[Extracted entries]
***

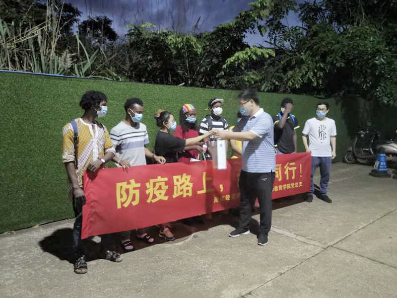 2020年4月30日下午,国际教育学院党总支副书记兼副院长于勇带领辅导员黄银亮、史付田、肖意、孔凯、郑昭艳等共同前往国际学生宿舍收拾32间宿舍物品并检查水电等安全工作,并看望慰问从假期开始一直待在海南的部分国际学生。
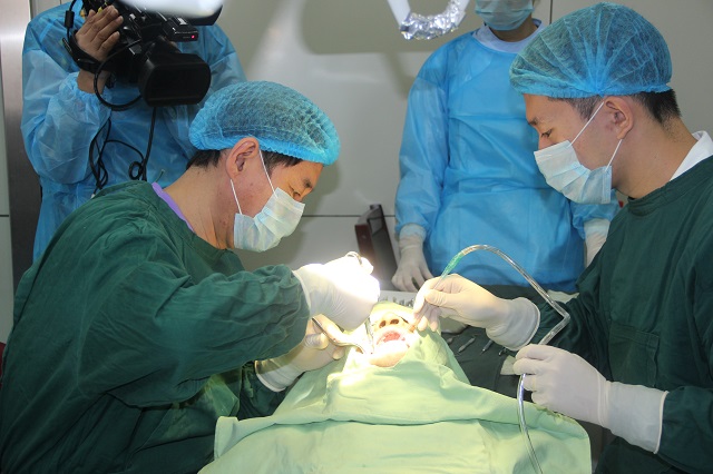 康贝佳口腔韩国种植牙医生崔容硕院长亲自操刀演绎多颗种牙技术,整台手术在达到口腔医院评审标准的手术室内顺利进行,耗时不足10分钟,手术患者黄先生的两颗牙齿就种植完成了,在场观众都为崔容硕院长的技艺娴熟程度感到惊叹。
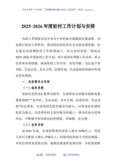 / 2025-2026年度驻村工作计划与安排
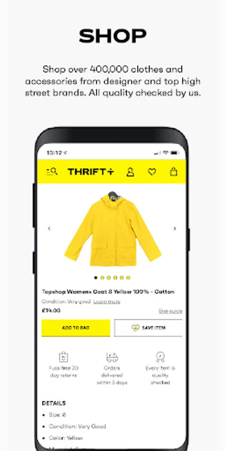 Shop over 400,000 clothes from top high street and designer brands. All quality checked by us. All packaged and shipped by us. Moneyback guarantees and 30 day returns? Another plus.
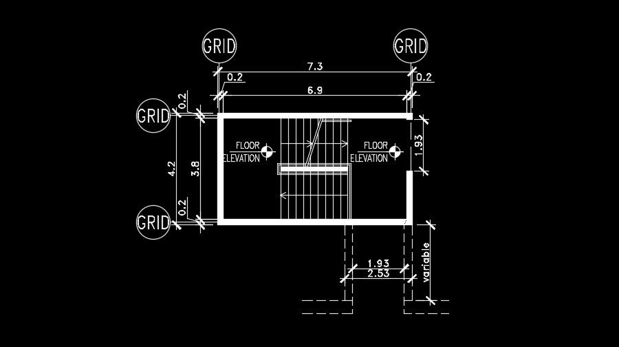 7x4m staircase plan top view is given in this AutoCAD drawing model. Measurement details are given clearly in this drawing model. For more details download the AutoCAD 2D drawing file for free.
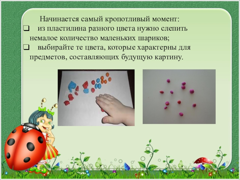 Слайд 3Приступаем к изготовлению картины из пластилина поэтапно:
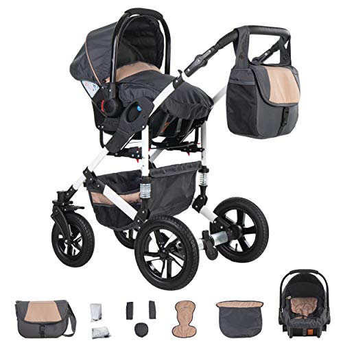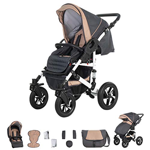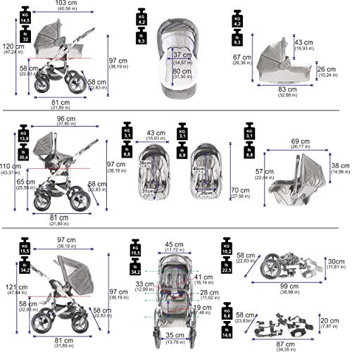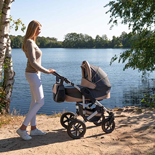 Unser FRIEDRICH HUGO HAMBURG 3 in 1 Kinderwagenset besteht aus: Babywanne, Sportwagen,Autositz Gestell & Zubehör. Die Aufsätze können individuell in beide Richtungen (also in UND gegen die Fahrtrichtung) auf das Gestell gesetzt werden. Die Schwenkräder sorgen für eine besonders gute Manövrierfähigkeit in der Stadt. Die Stoßdämpfer und die Härteverstellung im hinteren Bereich machen den HAMBURG auch und besonders geeignet für Ausflüge auf unwegsamen Böden, im Gelände und sogar auf Splitt!Details KinderwagenaufsatzIn Fahr- & gegen Fahrtrichtung montierbar verstellbare und abnehmbare SonnenhaubeKomfortpolsterung des Innenraums aus kuschelweicher Baumwolleergonomischer, in die Sonnenhaube integrierter TragegriffFußabdeckung inklusiveDetails Autositz ECE R 44 / 04 (Prüfsiegel)zugelassen für den Straßenverkehr nach § 21 der StVOInkl. Fußabdeckung & verstellbarer Sonnenhaubegepolsterter 3-Punkt-Sicherheitsgurt; 2-fach in der Höhe verstellbarstufenlose Einstellung des Gurtumfangs möglichBezug handwaschbar, da komplett abnehmbarDetails BuggyIn Fahr- und gegen Fahrtrichtung montierbarverstellbare Sonnenhaube mit verschließbarem AußenfachMehrstufig verstellbare RückenlehneSchlafposition möglichverstellbare Fußablage mit SchutzbezugGepolsterter 5-Punkt SicherheitsgurtAbnehmbarer Sicherheitsbügel (Rausfallschutz) Details Gestelläußerst stabiles Gestell aus einer Aluminium/Stahl-LegierungKomfort-Fahrwerk mit regelbarer FederungVorderräder: ca. 24 cm und um 360 Grad schwenkbar; inklusive Feststellfunktion Hinterräder: ca. 30 cmLeichtgängige Sicherheitsbremsebesonders angenehmer Soft-Touch-Schiebegriff; mehrfach höhenverstellbar (s.Oben)geräumiger und abnehmbarer Einkaufskorb unter den Aufsätzen AllgemeinesTextilmaterialien sind speziell für Kinderwagen entwickelt worden
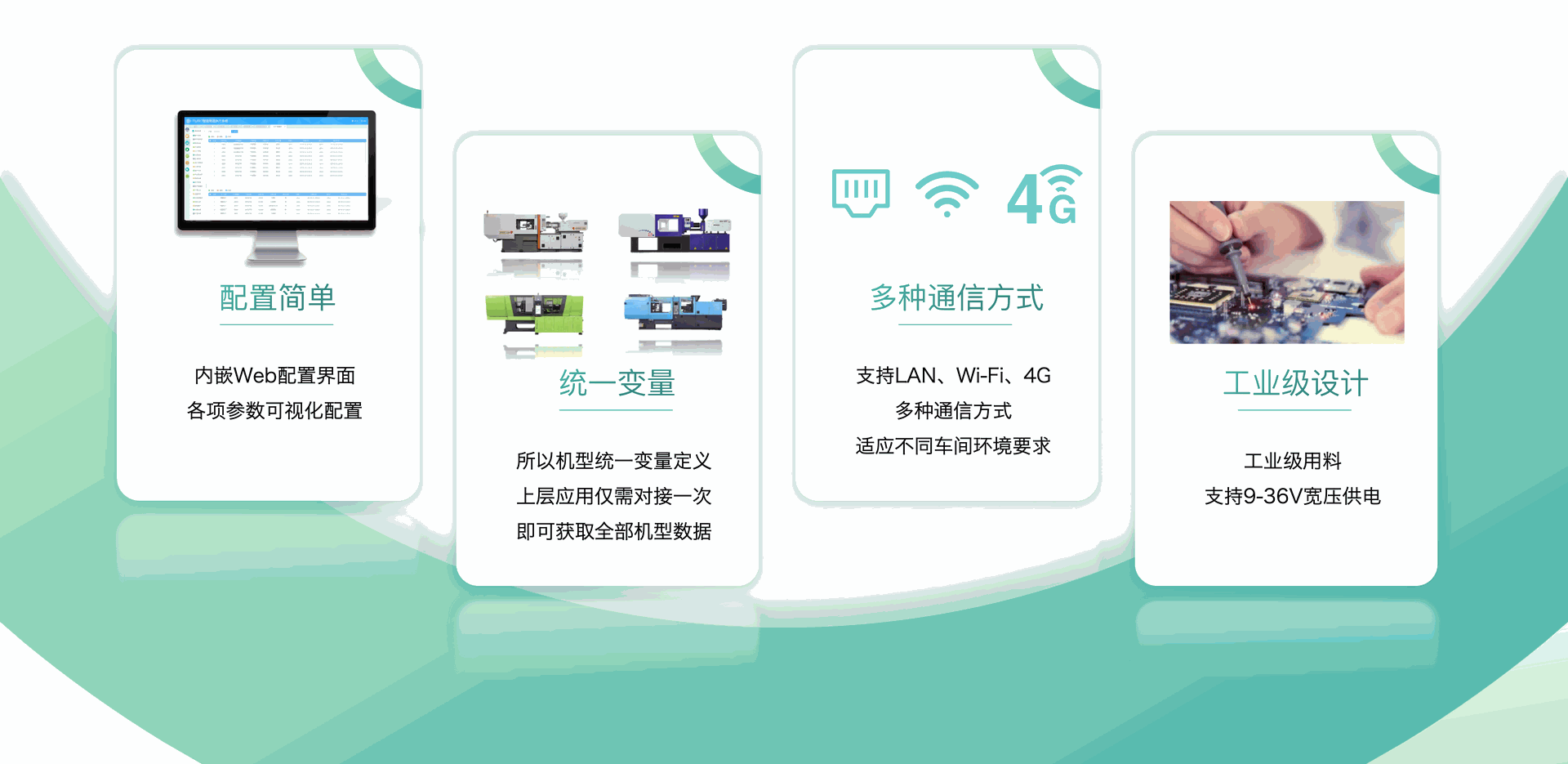 工业级设计,网口监听非侵入式采集,用于市面上主流新型注塑机采集,内嵌注塑机协议,采集详细工艺参数。

***

[Directions for this task] Return the material line for line, from its beginning to the line that contains "Shop over 400,000", with the pictures left out.

[Answer below]
 2020年4月30日下午,国际教育学院党总支副书记兼副院长于勇带领辅导员黄银亮、史付田、肖意、孔凯、郑昭艳等共同前往国际学生宿舍收拾32间宿舍物品并检查水电等安全工作,并看望慰问从假期开始一直待在海南的部分国际学生。
 康贝佳口腔韩国种植牙医生崔容硕院长亲自操刀演绎多颗种牙技术,整台手术在达到口腔医院评审标准的手术室内顺利进行,耗时不足10分钟,手术患者黄先生的两颗牙齿就种植完成了,在场观众都为崔容硕院长的技艺娴熟程度感到惊叹。
 / 2025-2026年度驻村工作计划与安排
 Shop over 400,000 clothes from top high street and designer brands. All quality checked by us. All packaged and shipped by us. Moneyback guarantees and 30 day returns? Another plus.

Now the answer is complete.